Number of unpaired electrons
Given:
Atomic number $(Z)=27$
The valence electronic configuration of cobalt ( $\mathrm{Co}$ ) is $3 d^7, 4 s^2$.
$\mathrm{M}^{2+}(\mathrm{aq})$ ion means, it loses two electrons.
Hence, valence electronic configuration becomes $d^7$.
Now, Number of unpaired electrons $=3$
Spin only magnetic moment
We know that $\mu=\sqrt{n(n+2)}$
where $n=$ number of unpaired electrons
Putting $\mathrm{n}=3$
we get, $\mu=\sqrt{3(3+2)}=3.87 \mathrm{BM}$
8.3.10 Formation of Coloured Ions
When an electron from a lower energy d orbital is excited to a higher energy d orbital, the energy of excitation corresponds to the frequency of light absorbed (Unit 9). This frequency generally lies in the visible region. The colour observed corresponds to the complementary colour of the light absorbed. The frequency of the light absorbed is determined by the nature of the ligand. In aqueous solutions where water molecules are the ligands, the colours of the ions observed are listed in Table 8.8. A few coloured solutions of d–block elements are illustrated in Fig. 8.5.

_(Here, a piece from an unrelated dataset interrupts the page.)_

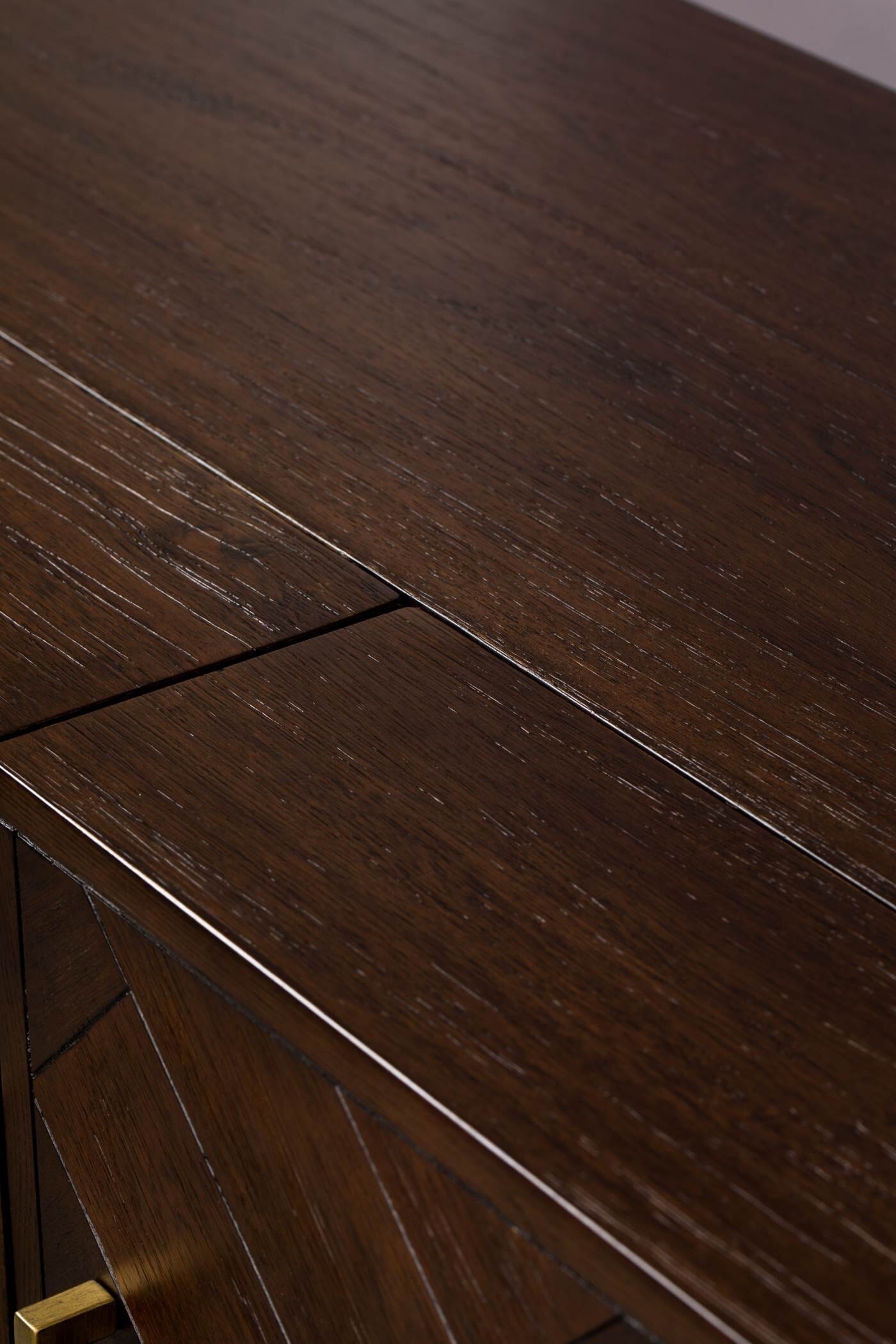 Antik Messing ist aber auch noch als Nostalgiefaktor mit im Spiel, an schönen Details mangelt es aber auch nicht: Ein feines Fischgrätmuster aus Akazie paart sich mit den smarten Griffen aus Metall.

8.3.11 Formation of Complex Compounds
Complex compounds are those in which the metal ions bind a number of anions or neutral molecules giving complex species with characteristic properties. A few examples are: $\left[\mathrm{Fe}\mathrm{CN}_6\right]^{3-},\left[\mathrm{Fe}\mathrm{CN}_6\right)^{4-}$, $\left[\mathrm{Cu}\left(\mathrm{NH_3}\right)_4\right]^{2+}$ and $\left[\mathrm{PtCl_4}\right]^{2-}$. (The chemistry of complex compounds is dealt with in detail in Unit 9). The transition metals form a large number of complex compounds. This is due to the comparatively smaller sizes of the metal ions, their high ionic charges and the availability of d orbitals for bond formation.

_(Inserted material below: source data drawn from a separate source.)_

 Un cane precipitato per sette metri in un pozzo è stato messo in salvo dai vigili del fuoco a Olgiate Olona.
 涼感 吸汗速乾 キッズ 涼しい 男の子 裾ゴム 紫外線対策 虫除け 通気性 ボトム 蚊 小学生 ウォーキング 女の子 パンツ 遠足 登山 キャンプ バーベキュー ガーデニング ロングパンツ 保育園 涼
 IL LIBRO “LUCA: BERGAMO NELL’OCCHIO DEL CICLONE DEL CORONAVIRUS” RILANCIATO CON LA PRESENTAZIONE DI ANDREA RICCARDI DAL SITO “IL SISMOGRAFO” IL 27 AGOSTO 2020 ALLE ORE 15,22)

8.3.12 Catalytic Properties
The transition metals and their compounds are known for their catalytic activity. This activity is ascribed to their ability to adopt multiple oxidation states and to form complexes. Vanadium(V) oxide (in Contact Process), finely divided iron (in Haber’s Process), and nickel (in Catalytic Hydrogenation) are some of the examples. Catalysts at a solid surface involve the formation of bonds between reactant molecules and atoms of the surface of the catalyst (first row transition metals utilise 3d and 4s electrons for bonding). This has the effect of increasing the concentration of the reactants at the catalyst surface and also weakening of the bonds in the reacting molecules (the activation energy is lowering). Also because the transition metal ions can change their oxidation states, they become more effective as catalysts. For example, iron(III) catalyses the reaction between iodide and persulphate ions.

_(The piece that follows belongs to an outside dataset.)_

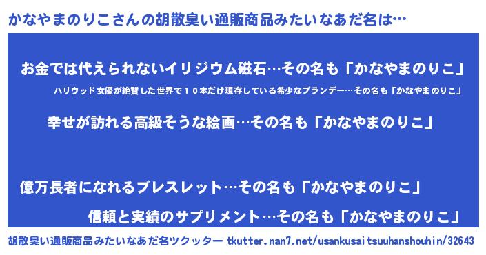 | 意味不明あだ名 | 『かなやまのりこフォーエバー』 |

$$ 2 \mathrm{I}^{-}+\mathrm{S_2} \mathrm{O_8}{ }^{2-} \rightarrow \mathrm{I_2}+2 \mathrm{SO_4}{ }^{2-} $$
An explanation of this catalytic action can be given as:
$$ \begin{aligned} & 2 \mathrm{Fe}^{3+}+2 \mathrm{I}^{-} \rightarrow 2 \mathrm{Fe}^{2+}+\mathrm{I_2} \\ & 2 \mathrm{Fe}^{2+}+\mathrm{S_2} \mathrm{O_8}{ }^{2-} \rightarrow 2 \mathrm{Fe}^{3+}+2 \mathrm{SO_4}{ }^{2-} \end{aligned} $$
8.3.13 Formation of Interstitial Compounds
Interstitial compounds are those which are formed when small atoms like $\mathrm{H}, \mathrm{C}$ or $\mathrm{N}$ are trapped inside the crystal lattices of metals. They are usually non stoichiometric and are neither typically ionic nor covalent, for example, TiC, $\mathrm{Mn_4} \mathrm{~N}, \mathrm{Fe_3} \mathrm{H}, \mathrm{VH_0.56}$ and $\mathrm{TiH_1.7}$, etc. The formulas quoted do not, of course, correspond to any normal oxidation state of the metal. Because of the nature of their composition, these compounds are referred to as interstitial compounds. The principal physical and chemical characteristics of these compounds are as follows: (i) They have high melting points, higher than those of pure metals.
(ii) They are very hard, some borides approach diamond in hardness.
(iii) They retain metallic conductivity.
(iv) They are chemically inert.
8.3.14 Alloy Formation
An alloy is a blend of metals prepared by mixing the components. Alloys may be homogeneous solid solutions in which the atoms of one metal are distributed randomly among the atoms of the other. Such alloys are formed by atoms with metallic radii that are within about 15 percent of each other. Because of similar radii and other characteristics of transition metals, alloys are readily formed by these metals. The alloys so formed are hard and have often high melting points. The best known are ferrous alloys: chromium, vanadium, tungsten, molybdenum and manganese are used for the production of a variety of steels and stainless steel. Alloys of transition metals with non transition metals such as brass (copper-zinc) and bronze (copper-tin), are also of considerable industrial importance.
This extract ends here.